(Stored entries)
◇ ◇ ◇ ◇

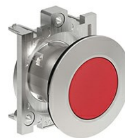
Pushbutton actuator, spring return LPFB10
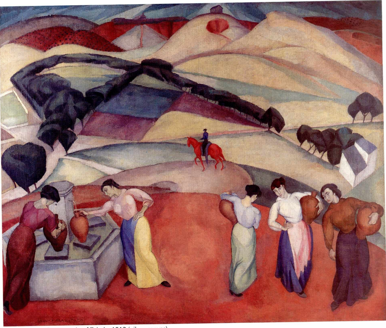
Diego Rivera, The Fountain of Toledo, 1913 (oil on canvas).

This select collection was lent for the 1958 opening of the Frida Kahlo Museum. Olmedo's original intention was to eventually donate it to the Diego Rivera Trust, which manages the museum. However, the donation was never made, thus allowing the collection to be exhibited around the world.<sup>2</sup>
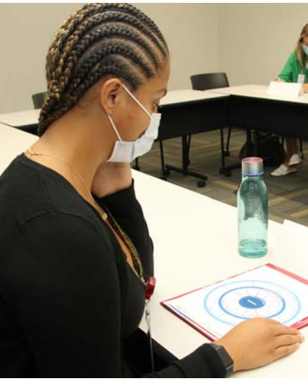
A student completes the Social Identity Wheel, a tool to map out the different intersections of social identities.
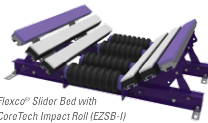
Flexco® Slider Bed with CoreTech Impact Roll (EZSB-I)
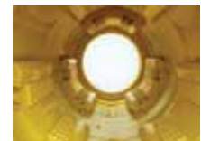
Replaceable die inserts
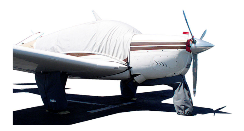
Beech Bonanza/Debonair/Baron Landing Gear Covers
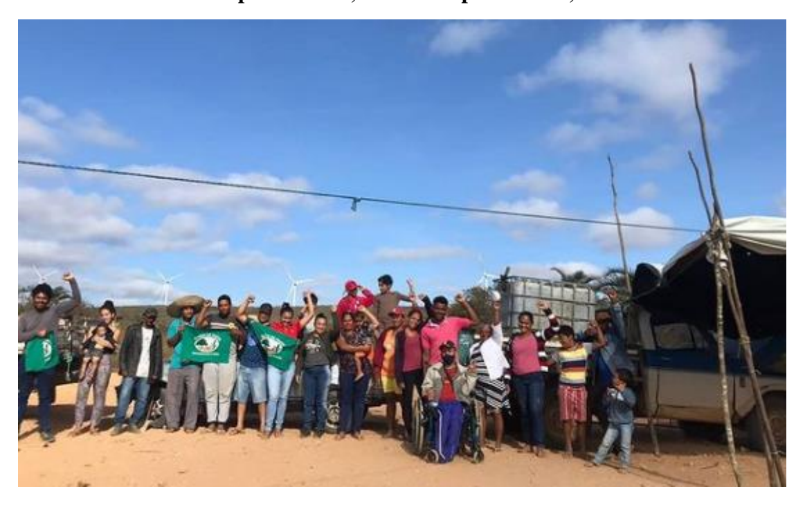
Photograph 07: Blockage in the access road to the Morrinhos Wind Farm, in Campo Formoso, Bahia – September 21, 2021.

◇ ◇ ◇ ◇

> What needs to be done
Repeat the preceding records exactly but drop the images.

> Exercise response
Pushbutton actuator, spring return LPFB10
Diego Rivera, The Fountain of Toledo, 1913 (oil on canvas).

This select collection was lent for the 1958 opening of the Frida Kahlo Museum. Olmedo's original intention was to eventually donate it to the Diego Rivera Trust, which manages the museum. However, the donation was never made, thus allowing the collection to be exhibited around the world.<sup>2</sup>
A student completes the Social Identity Wheel, a tool to map out the different intersections of social identities.
Flexco® Slider Bed with CoreTech Impact Roll (EZSB-I)
Replaceable die inserts
Beech Bonanza/Debonair/Baron Landing Gear Covers
Photograph 07: Blockage in the access road to the Morrinhos Wind Farm, in Campo Formoso, Bahia – September 21, 2021.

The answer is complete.